Description of the task.
Find the line with "Damskie kozaki typu" in the entries below. Repeat it, every following line, and the line with "TT handmade Sterling", exactly and with nothing added.

Information shown.
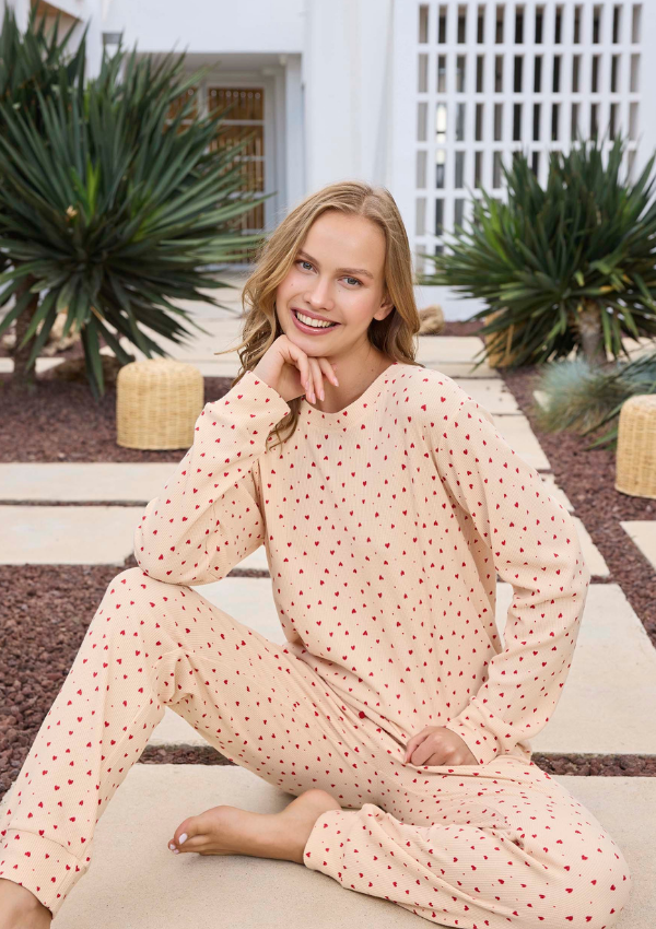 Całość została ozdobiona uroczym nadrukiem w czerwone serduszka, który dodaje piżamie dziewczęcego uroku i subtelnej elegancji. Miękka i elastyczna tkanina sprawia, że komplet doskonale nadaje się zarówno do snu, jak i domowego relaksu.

---

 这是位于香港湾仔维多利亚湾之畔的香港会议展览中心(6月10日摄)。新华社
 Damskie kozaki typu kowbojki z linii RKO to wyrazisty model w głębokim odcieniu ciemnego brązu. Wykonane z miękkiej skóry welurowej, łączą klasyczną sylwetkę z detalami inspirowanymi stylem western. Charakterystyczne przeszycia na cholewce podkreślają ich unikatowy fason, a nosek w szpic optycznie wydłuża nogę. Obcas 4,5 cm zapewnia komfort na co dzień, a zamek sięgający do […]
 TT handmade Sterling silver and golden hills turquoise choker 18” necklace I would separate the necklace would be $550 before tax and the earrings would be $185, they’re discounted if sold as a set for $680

Finished task.
 Damskie kozaki typu kowbojki z linii RKO to wyrazisty model w głębokim odcieniu ciemnego brązu. Wykonane z miękkiej skóry welurowej, łączą klasyczną sylwetkę z detalami inspirowanymi stylem western. Charakterystyczne przeszycia na cholewce podkreślają ich unikatowy fason, a nosek w szpic optycznie wydłuża nogę. Obcas 4,5 cm zapewnia komfort na co dzień, a zamek sięgający do […]
 TT handmade Sterling silver and golden hills turquoise choker 18” necklace I would separate the necklace would be $550 before tax and the earrings would be $185, they’re discounted if sold as a set for $680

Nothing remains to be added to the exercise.